Ejnar Hertzsprung (lahir di Kopenhagen, 8 Oktober 1873 – meninggal di Roskilde, 21 Oktober 1967 pada umur 94 tahun) adalah seorang kimiawan dan astronom Denmark.

Hertzsprung mempelajari hubungan antara magnitudo mutlak bintang dengan kelas spektrumnya, dan hasilnya dipublikasikan pada 1905. Lebih lanjut, pada 1911, ia membandingkan hubungan antara magnitudo mutlak dan indeks warna bintang dalam gugus Pleiades dan Hyades. Pekerjaan ini merupakan cikal bakal diagram Hertzsprung-Russell, yang pengembangannya dilakukan secara terpisah bersama Henry Norris Russell.

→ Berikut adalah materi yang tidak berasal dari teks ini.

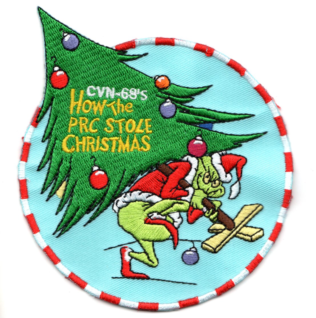 (Another AV8RSTUFF Creation): This patch was created for CVW-17 and CVN-68 since they were deployed and underway over the 2022 Christmas Holidays. It used the famous Dr. Seuss’ *GRINCH*, showing him stealing the Christmas Tree which says “HOW THE PRC STOLE CHRISTMAS” (not sure of the backstory on this one). This patch was created to commemorate that event and does NOT come with velcro attached.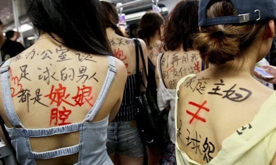 【上海女子游行反世界杯】2014年7月8日,巴西世界杯將迎來(lái)半決賽的到來(lái),上海男球迷們的視線就沒(méi)從屏幕上移開(kāi)過(guò),這讓他們的女朋友覺(jué)得被忽略了。因此上海的12名女子組成了“反世界杯聯(lián)盟”,她們拉起橫幅并在身上寫了標(biāo)語(yǔ),走上街頭游行來(lái)表達(dá)不滿。

Pada 1913 dia juga menentukan jarak beberapa bintang Cepheid Galaktik dengan paralaks statistik, sehingga dapat meng-kalibrasi hubungan yang ditemukan oleh Henrietta Leavitt antara periode Cepheid dan luminositas. Pada penentuan ini ia membuat sebuah kesalahan, kemungkinan coretan tidak sengaja, hingga membuat bintang-bintang tersebut 10 kali lebih dekat dari jarak sebenarnya yang diketahui kini. Ia menggunakan hubungan ini untuk memperkirakan jarak Awan Magellan Kecil.

Ia menemukan dua asteroids, satu di antaranya adalah asteroid type Amor, 1627 Ivar.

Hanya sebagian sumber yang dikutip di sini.